Exercise material:
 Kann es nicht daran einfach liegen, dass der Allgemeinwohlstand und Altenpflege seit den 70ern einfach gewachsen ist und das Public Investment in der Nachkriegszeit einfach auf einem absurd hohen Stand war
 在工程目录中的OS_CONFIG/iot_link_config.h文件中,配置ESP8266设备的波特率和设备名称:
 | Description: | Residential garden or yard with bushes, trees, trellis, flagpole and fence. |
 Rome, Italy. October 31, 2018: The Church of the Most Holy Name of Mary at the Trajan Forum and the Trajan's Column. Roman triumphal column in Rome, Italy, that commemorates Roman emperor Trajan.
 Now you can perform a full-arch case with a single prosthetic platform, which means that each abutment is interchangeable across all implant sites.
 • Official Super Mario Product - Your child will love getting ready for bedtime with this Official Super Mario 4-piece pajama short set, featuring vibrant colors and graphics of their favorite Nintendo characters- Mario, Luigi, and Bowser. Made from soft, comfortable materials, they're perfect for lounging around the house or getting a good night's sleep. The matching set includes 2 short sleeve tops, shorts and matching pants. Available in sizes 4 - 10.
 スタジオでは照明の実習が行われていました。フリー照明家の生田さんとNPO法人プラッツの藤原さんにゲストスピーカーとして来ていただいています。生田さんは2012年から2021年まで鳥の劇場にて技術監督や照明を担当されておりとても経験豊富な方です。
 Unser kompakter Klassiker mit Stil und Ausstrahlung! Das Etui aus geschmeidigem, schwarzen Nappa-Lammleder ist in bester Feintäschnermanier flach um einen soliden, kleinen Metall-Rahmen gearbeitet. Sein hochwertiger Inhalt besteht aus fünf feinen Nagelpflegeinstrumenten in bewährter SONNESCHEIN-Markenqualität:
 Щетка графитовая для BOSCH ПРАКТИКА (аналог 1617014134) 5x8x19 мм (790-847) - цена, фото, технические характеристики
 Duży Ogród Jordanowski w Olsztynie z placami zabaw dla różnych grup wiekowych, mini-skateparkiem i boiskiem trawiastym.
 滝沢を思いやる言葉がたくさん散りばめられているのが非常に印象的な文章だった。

==

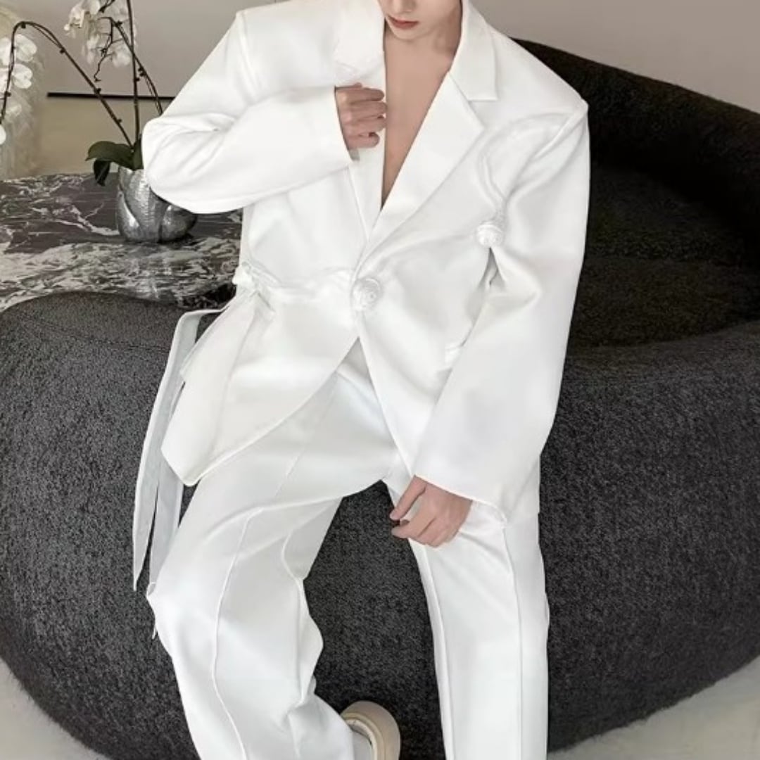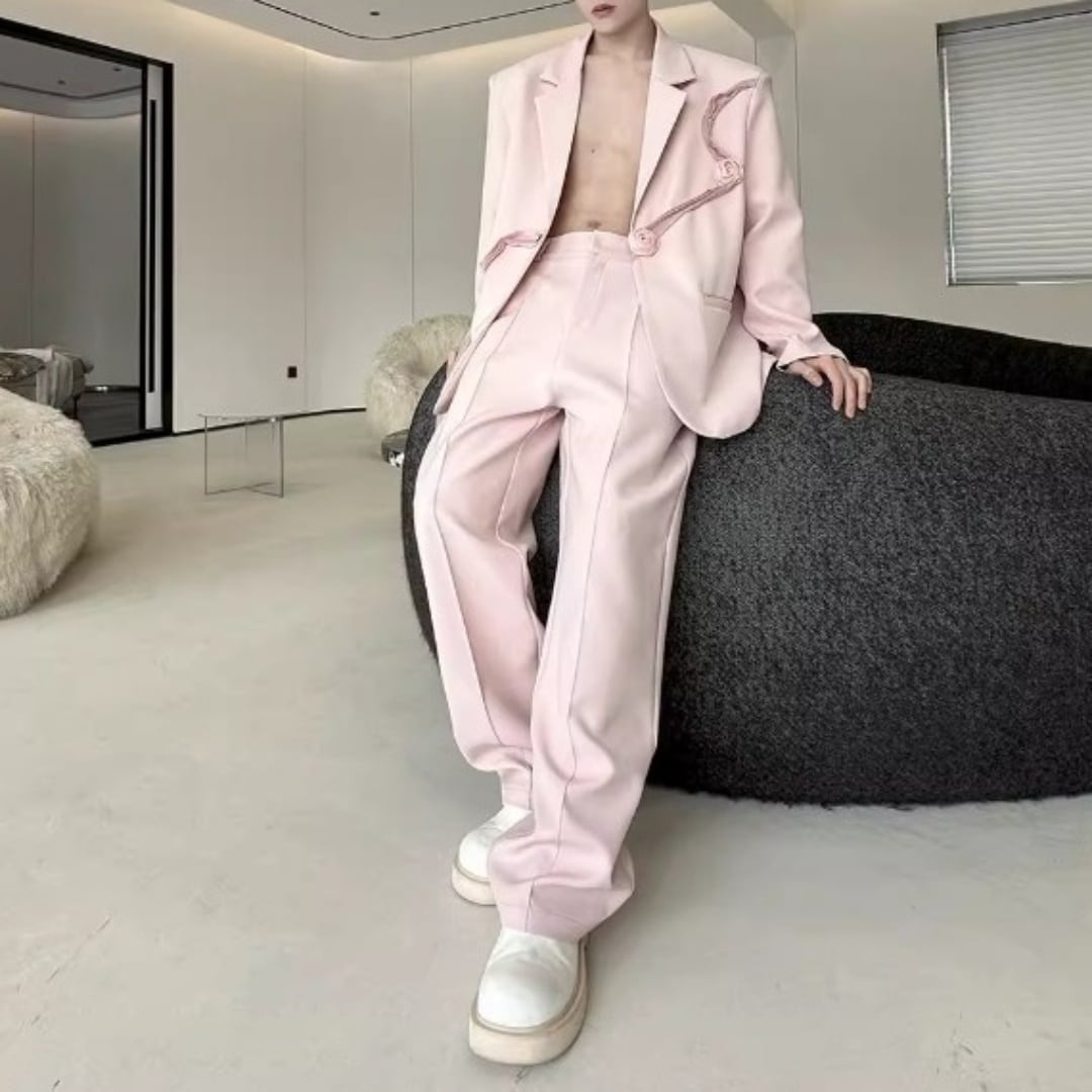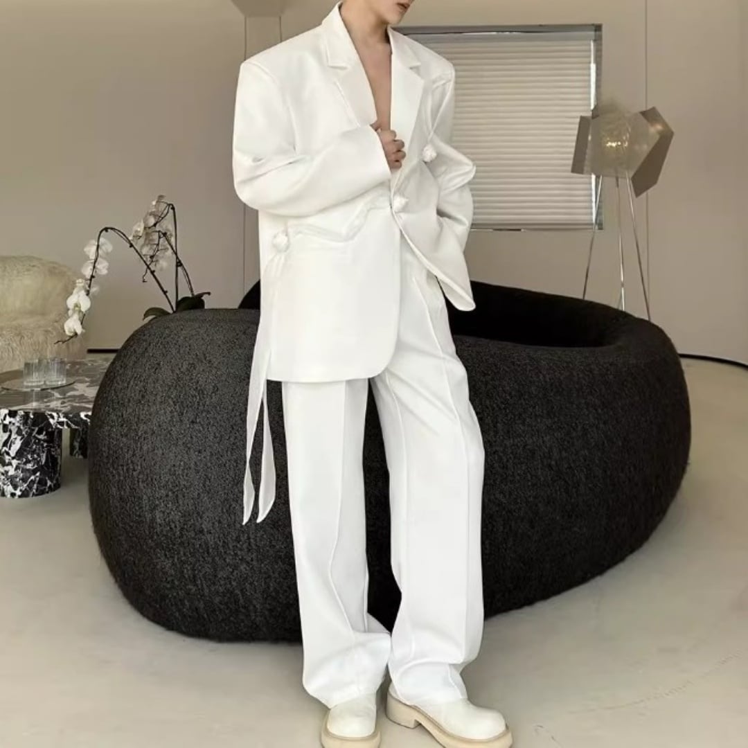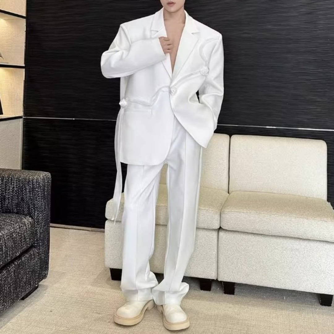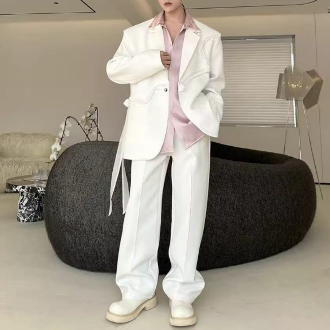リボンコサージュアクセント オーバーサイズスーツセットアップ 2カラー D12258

Instructions to follow:
From the material above, set down exactly the lines starting at the one with "Rome, Italy. October" and ending at the one with "滝沢を思いやる言葉がたくさん散りばめられているのが非常に印象的な文章だった。", end lines included.

Task result:
 Rome, Italy. October 31, 2018: The Church of the Most Holy Name of Mary at the Trajan Forum and the Trajan's Column. Roman triumphal column in Rome, Italy, that commemorates Roman emperor Trajan.
 Now you can perform a full-arch case with a single prosthetic platform, which means that each abutment is interchangeable across all implant sites.
 • Official Super Mario Product - Your child will love getting ready for bedtime with this Official Super Mario 4-piece pajama short set, featuring vibrant colors and graphics of their favorite Nintendo characters- Mario, Luigi, and Bowser. Made from soft, comfortable materials, they're perfect for lounging around the house or getting a good night's sleep. The matching set includes 2 short sleeve tops, shorts and matching pants. Available in sizes 4 - 10.
 スタジオでは照明の実習が行われていました。フリー照明家の生田さんとNPO法人プラッツの藤原さんにゲストスピーカーとして来ていただいています。生田さんは2012年から2021年まで鳥の劇場にて技術監督や照明を担当されておりとても経験豊富な方です。
 Unser kompakter Klassiker mit Stil und Ausstrahlung! Das Etui aus geschmeidigem, schwarzen Nappa-Lammleder ist in bester Feintäschnermanier flach um einen soliden, kleinen Metall-Rahmen gearbeitet. Sein hochwertiger Inhalt besteht aus fünf feinen Nagelpflegeinstrumenten in bewährter SONNESCHEIN-Markenqualität:
 Щетка графитовая для BOSCH ПРАКТИКА (аналог 1617014134) 5x8x19 мм (790-847) - цена, фото, технические характеристики
 Duży Ogród Jordanowski w Olsztynie z placami zabaw dla różnych grup wiekowych, mini-skateparkiem i boiskiem trawiastym.
 滝沢を思いやる言葉がたくさん散りばめられているのが非常に印象的な文章だった。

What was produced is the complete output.